For brand marketers, voice-based personal assistants represent a major opportunity in a largely-untapped space. Consumers are forming intimate relationships with these new technologies, providing major brands with the opportunity to interact with and learn about consumers in a way that hasn’t been possible before.

Here are five examples of ways that major brands have already started using voice-controlled systems to better market their products to consumers.

1. Campbell’s: Distributing content to consumers
Campbell’s became a leader in this space when the CPG company created branded “skills” for Amazon’s Echo device in 2015. Campbell’s worked with the digital agency Rain on the project, which allows Echo users to ask for recipes from “Campbell’s Kitchen,” which is the company’s portal for cooking-related content. Users can verbally select a recipe, then listen as Echo’s Alexa assistant parrots the instructions from Campbell’s. The system can also tailor suggestions based on weather, trending flavors, and user profiles. Not only has this project created awareness for Campbell’s Kitchen, helping to solidify it as an trusted resource for recipes, but it also gives Campbell’s a platform to promote products from all of its brands when consumers are adding items to their grocery lists.

2. Domino’s: Giving consumers a new way to place orders
Amazon Echo users who have a craving for pizza can order up a Domino’s delivery without getting up from the couch. Domino’s has been a leader in the mobile ordering space for years, but starting in early 2016, the company began accepting verbal orders through Amazon Echo’s voice-controlled personal assistant. Consumers who’ve already set up user profiles through Domino’s and enabled the Domino’s “skill” through Amazon’s Alexa app can have a pizza delivered by saying “Alexa, open Domino’s and place my Easy Order.” They can also track their order progress with specific voice commands. The voice-controlled solution should lessen the friction for consumers, which would ideally result in a higher number of delivery orders being placed.
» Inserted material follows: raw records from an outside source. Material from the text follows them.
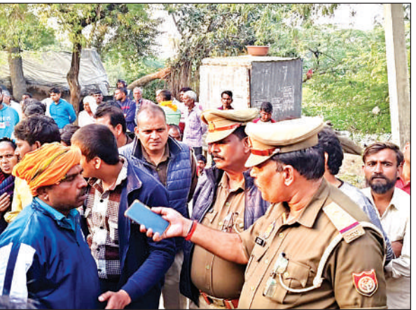
परिजनों के बयान लेती पुलिस।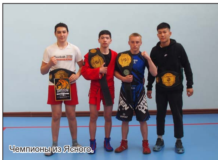
Чемпионы из Ясного.

Распространённая практика – заниматься различными видами единоборств одновременно. В боевом самбо выступили выходцы из ММА, вольной борь-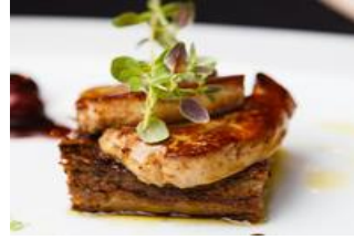
ESCALOPES DE FOIE Descongelar 1 minuto en micro. Dorar en plancha sin aceite. CHA-04701 - 1000g - 4u/b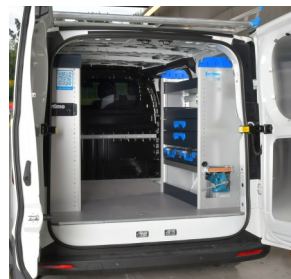
Banco da lavoro con morsa integrata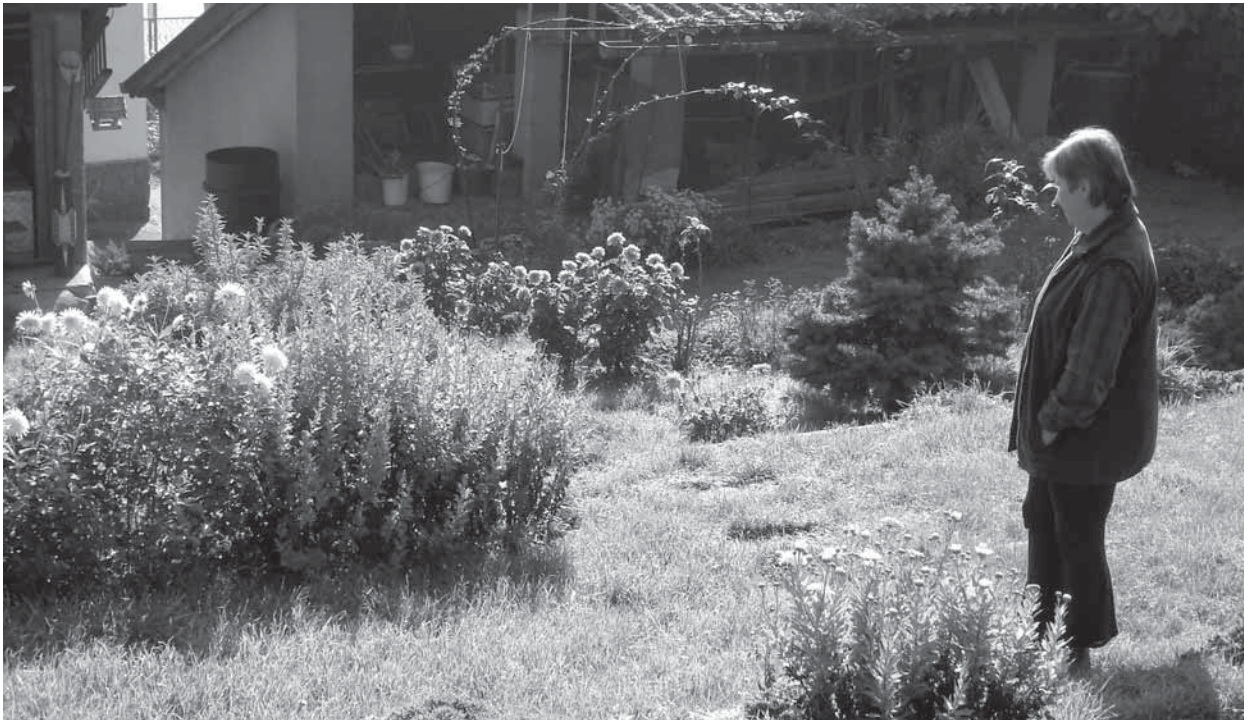
Zahrada představuje smysluplné využití času, kreativní činnost, kde výsledky práce jsou zřejmé a přinášejí uspokojení (Davlé, 2007)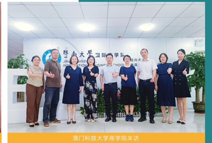
澳门科技大学商学院来访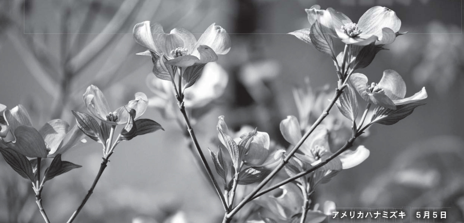
アメリカハナミズキ 5月5日

毎月7日は「健康の日」です。 ～ 歩くことから健康づくり、運動することを習慣にしましょう ～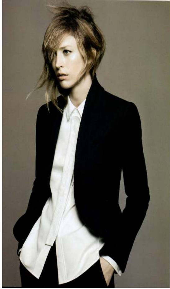
Figür 4. 2010 ceket, Jil Sander

https://tr.pinterest.com/pin/301178293814562368/ adresinden 29.10.2017 tarihinde alınmıştır. (Modanın tarihi 1900'den günümüze, Kerasus Yayınları, 2013, İstanbul, s.317.)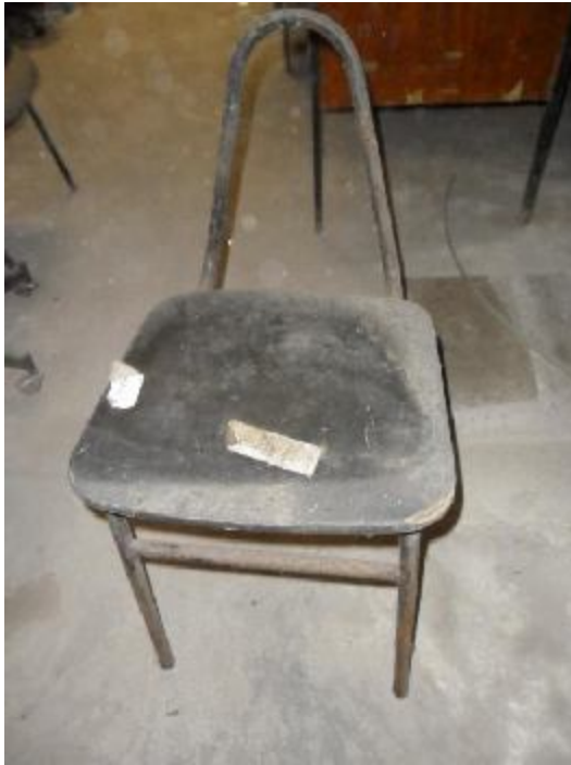
Lote 252 - SEM NÚMERO 050

3. Johnnie Walker: Educating consumers and promoting new products
The Scotch whisky brand worked with VaynerMedia to create a comprehensive digital initiative this summer, launching on both Facebook Messenger and Amazon Echo. Echo users who tell Alexa to “open Johnnie Walker” can access all kinds of information about whisky, including cocktail recipes and gift suggestions that vary depending on the recipient’s taste and the gift-giver’s budget. Johnnie Walker’s marketing team has said they hope the initiative can make whisky education “fun and more accessible,” but certainly keeping its products top-of-mind for consumers and reducing friction when it comes time to add products to grocery lists and ultimately make alcohol purchases is another benefit to launching on Amazon’s voice-controlled device.
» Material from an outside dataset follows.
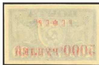
Рис. 19: м. № 22.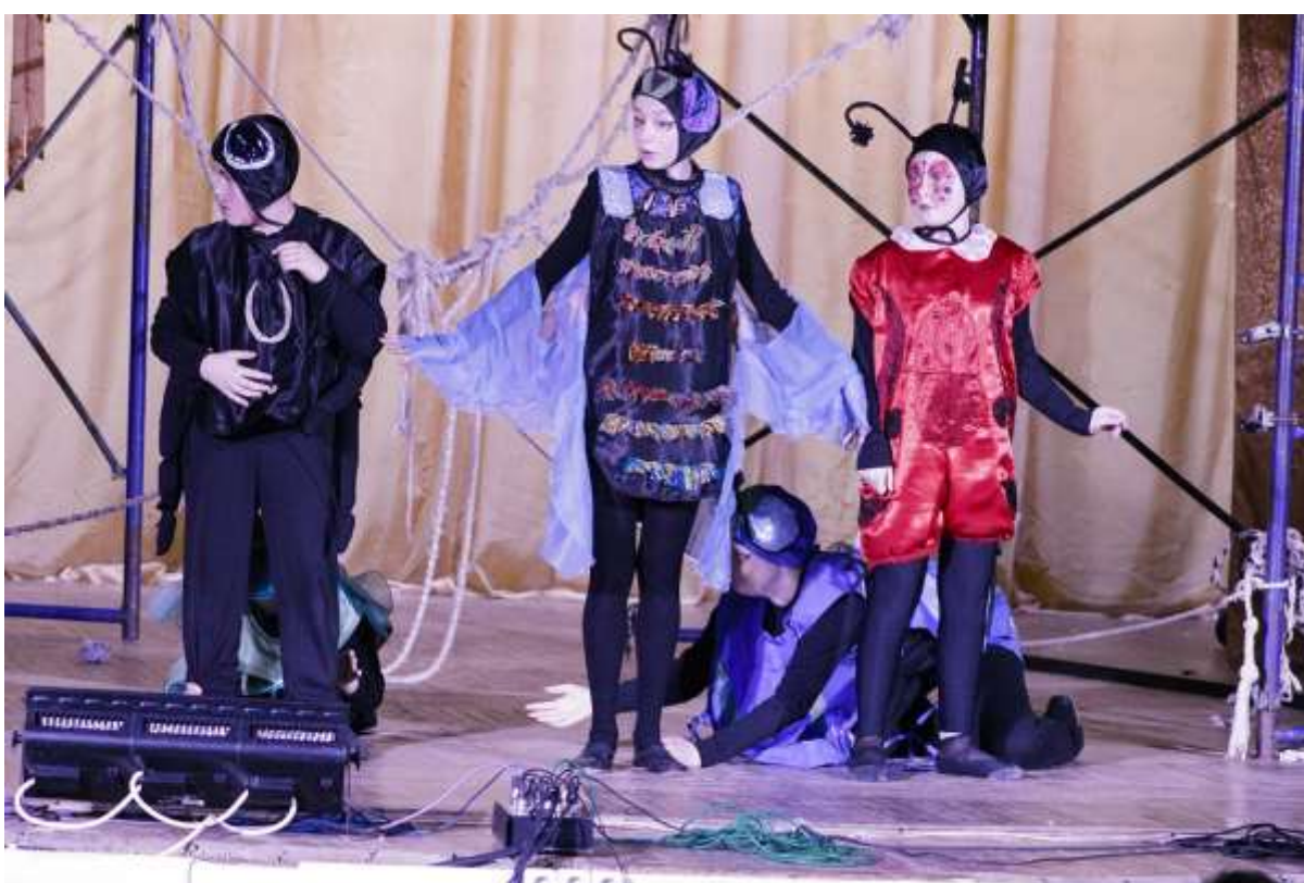
Фото 26. «Мечтай» по мотивам сказки А. Донатовой «Паушок Лёттик и большая птица», реж. Е.Артемяева, 2019 г.

4. Safeco: Locating independent agents nearby
The insurance industry is notoriously complicated, which is why Safeco Insurance sought to differentiate itself as a company that’s easy to work with by introducing a voice-controlled Alexa app called “Insurance Advisor” in 2016. Through the Alexa app, existing Safeco customers can ask questions about specific insurance terms and get advice. Potential customers can also get help locating independent Safeco agents working nearby, depending on the types of policies they’re interested in purchasing. Safeco’s Alexa app is a significant value add, creating another way for customers to get questions answered without picking up a phone or typing insurance questions into Google.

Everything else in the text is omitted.